*** SUPPLIED MATERIAL ***
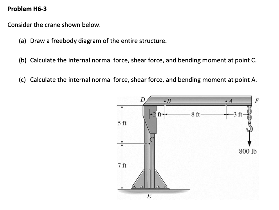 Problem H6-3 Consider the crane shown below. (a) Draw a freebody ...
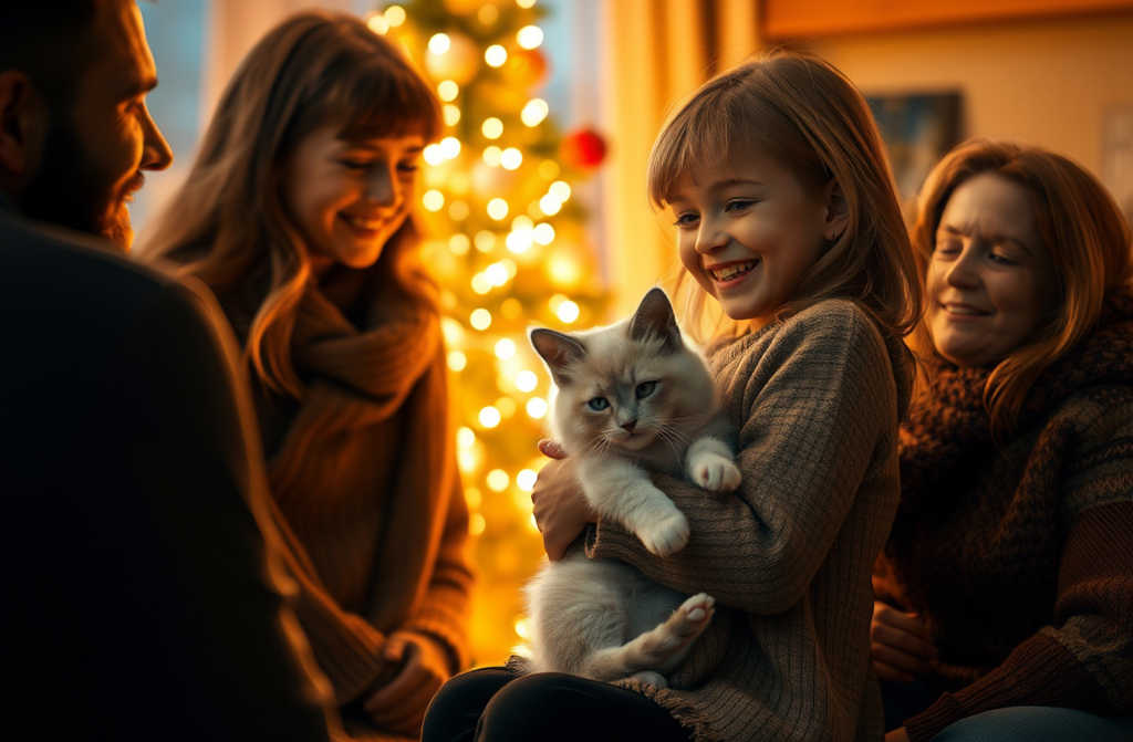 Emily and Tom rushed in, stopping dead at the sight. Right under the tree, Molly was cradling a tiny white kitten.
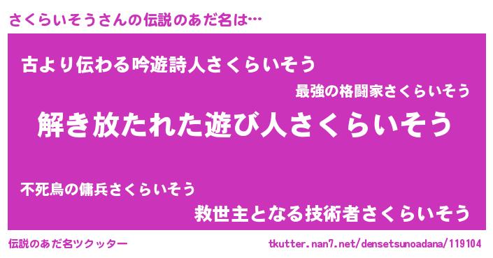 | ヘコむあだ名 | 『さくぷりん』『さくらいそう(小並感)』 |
***
INSTRUCTIONS TO FOLLOW:
Output all the data, exactly, without images.

EXERCISE OUTPUT:
 Problem H6-3 Consider the crane shown below. (a) Draw a freebody ...
 Emily and Tom rushed in, stopping dead at the sight. Right under the tree, Molly was cradling a tiny white kitten.
 | ヘコむあだ名 | 『さくぷりん』『さくらいそう(小並感)』 |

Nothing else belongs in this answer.